El tránsito hacia la circularidad implica replantear cada fase de ese ciclo. En lugar de extraer, fabricar y tirar, el nuevo esquema propone diseñar para durar, producir con responsabilidad, alargar la vida de cada pieza y recuperar su uso. Este cambio no es únicamente una cuestión de buenas intenciones: cada vez más, está siendo impulsado por normativas europeas, por la presión de los consumidores y por la rentabilidad de nuevos modelos de negocio asociados a la reutilización y la valorización textil.

 

¿Cómo funciona?

Diseño circular desde el origen

Todo comienza en la fase de diseño. Este enfoque implica concebir cada pieza teniendo en cuenta no solo su aspecto o su función, sino también su durabilidad, su capacidad de ser reparada y su reciclabilidad. Esto significa evitar mezclas de fibras difícilmente separables, prescindir de acabados o tinturas contaminantes y apostar por construcciones que faciliten el desmontaje de sus componentes.

El diseño circular también contempla la versatilidad: ropa atemporal, adaptable a distintos contextos y temporadas, que la persona quiera seguir usando durante años.

Producción con materiales reciclados, reciclables o biodegradables

La elección de las fibras y los tejidos es fundamental. Los avances en tecnologías de recuperación mecánica y química están permitiendo transformar residuos en nuevos tejidos, reduciendo así la dependencia de materias primas vírgenes. El algodón orgánico reciclado, el poliéster reciclado obtenido de botellas plásticas o las fibras regenerativas como el lyocell o la lana recuperada son ejemplos que ya forman parte de colecciones de muchas marcas comprometidas con este enfoque.

Las fibras biodegradables, por su parte, permiten que, al final de su ciclo, ciertas piezas se descompongan sin generar residuos persistentes, siempre que estén correctamente gestionadas.

Uso prolongado: reparar, reutilizar y cuidar la ropa

La fase de uso es donde el consumidor tiene mayor poder de impacto. Prolongar la vida de una pieza: lavándola con agua fría, almacenándola correctamente o reparando pequeños desperfectos en lugar de desecharla, reduce de forma significativa su huella ambiental. Se estima que la recuperación de textiles puede ahorrar hasta un 70% de la energía que se necesitaría para producir fibras nuevas a partir de materias primas vírgenes.

Cuanto más tiempo permanece una pieza en uso, menor es el impacto ambiental por año de vida.

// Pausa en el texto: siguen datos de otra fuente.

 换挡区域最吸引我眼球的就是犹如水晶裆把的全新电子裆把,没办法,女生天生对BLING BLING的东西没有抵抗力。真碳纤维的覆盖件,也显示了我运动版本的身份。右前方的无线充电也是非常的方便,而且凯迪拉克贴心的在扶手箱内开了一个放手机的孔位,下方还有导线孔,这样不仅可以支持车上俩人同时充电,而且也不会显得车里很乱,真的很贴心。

Este principio, aparentemente sencillo, es uno de los pilares más sólidos del sistema circular.

Segunda vida: reventa, donación, alquiler e intercambio

Cuando una persona deja de necesitar una pieza de ropa, pero esta aún está en buen estado, la circularidad propone alternativas al vertedero: venderla en plataformas de segunda mano, donarla, alquilarla para ocasiones especiales o intercambiarla con otras personas. El cada vez más activo mercado preloved y el upcycling, pequeñas modificaciones sobre el diseño original como iniciativas que alargan la vida de los productos.

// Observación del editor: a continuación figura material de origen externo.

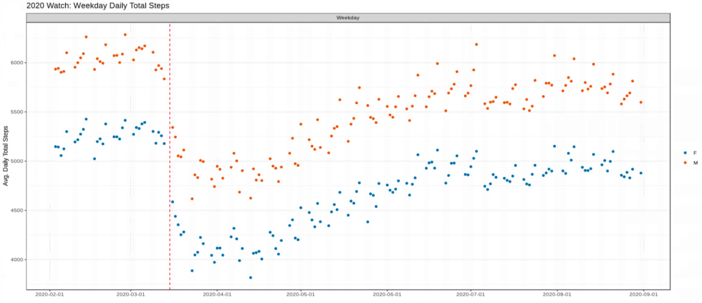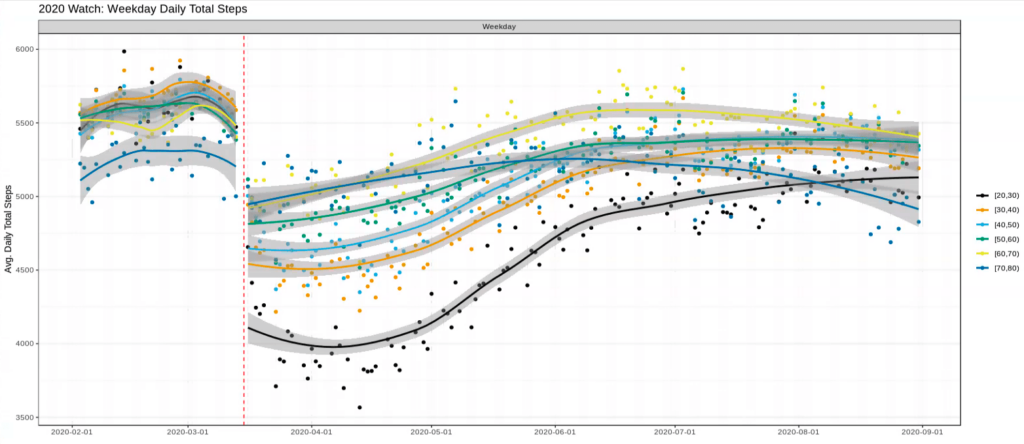Enabled by our powerful rapid data collection platform, our analyses tell a story of both resilience and vulnerability in real-time. The overall conclusion is hopeful: even amidst the pandemic-related disruptions, many people are finding ways to increase their daily movement. This finding is especially encouraging in light of the recent studies showing that exercise may be a successful strategy to boost mental health in these challenging times.

Reciclaje textil y recuperación de materiales

Cuando una pieza ya no puede seguir siendo usada ni reparada, el reciclaje textil permite recuperar sus fibras para fabricar nuevos recursos. Este proceso puede ser mecánico: triturando el tejido para obtener fibras más cortas o químico, disolviendo los polímeros para regenerar componentes de alta calidad. Aunque esta práctica a gran escala aún enfrenta limitaciones técnicas, los avances en este campo son notables y constituyen una de las apuestas estratégicas del sector de cara a los próximos años.

 

Principios de la moda circular

El sistema circular aplicado a la indumentaria se articula en torno a seis principios fundamentales que, juntos, configuran una alternativa coherente al modelo lineal predominante.

Reducir el consumo y la producción innecesaria

El principio de partida es consumir menos. No se trata de no vestirse, sino de adquirir únicamente lo que se necesita, eligiendo piezas que aporten valor real y que se vayan a usar de verdad. Reducir la sobreproducción y las compras impulsivas es el primer paso hacia un sistema más equilibrado.

Reutilizar prendas y materiales

Antes de descartar cualquier artículo textil, este enfoque plantea una pregunta: ¿puede seguir siendo utilizado? Ya sea por la misma persona, dándole un nuevo uso, o por otra, a través del mercado de segunda mano, la reutilización es una de las estrategias de mayor impacto ambiental positivo.

Reparar antes de desechar

Un botón que se cae, una cremallera rota o una costura que cede no tienen por qué suponer el fin de una pieza. Recuperar la cultura de la reparación tan arraigada en generaciones anteriores es una de las acciones más eficaces y asequibles para prolongar la vida de la ropa.

Reciclar fibras y tejidos

El reciclaje textil convierte los residuos de una pieza en materias primas para otra. Aunque no es la opción más deseable siempre es preferible reutilizar antes que reciclar, permite recuperar valor que de otro modo irían a parar al vertedero o a la incineradora.

Rediseñar o hacer upcycling

El suprareciclaje, conocido también como upcycling, consiste en transformar ropa o tejidos en desuso en nuevas piezas de igual o mayor valor. Una camisa vieja puede convertirse en un bolso; unos vaqueros desgastados pueden transformarse en una falda. Esta práctica une creatividad y sostenibilidad en una sola propuesta.

Regenerar recursos y reducir residuos

El horizonte último de la circularidad textil es regenerativo: no solo busca evitar daños al entorno, sino contribuir activamente a su recuperación. Esto implica usar recursos que devuelvan nutrientes al suelo, procesos productivos que reduzcan o eliminen la contaminación y cadenas de suministro que respeten los ecosistemas en los que operan.

 

¿Por qué es importante?

Reduce los residuos textiles

Los ciudadanos de la UE desechan alrededor de 5 millones de toneladas de ropa al año, aproximadamente 12 kg por persona. La mayor parte de estos residuos acaba en vertederos o incineradoras, generando emisiones y ocupando espacio durante décadas. Un modelo circular aspira a reintroducir esos recursos en el ciclo productivo en lugar de eliminarlos.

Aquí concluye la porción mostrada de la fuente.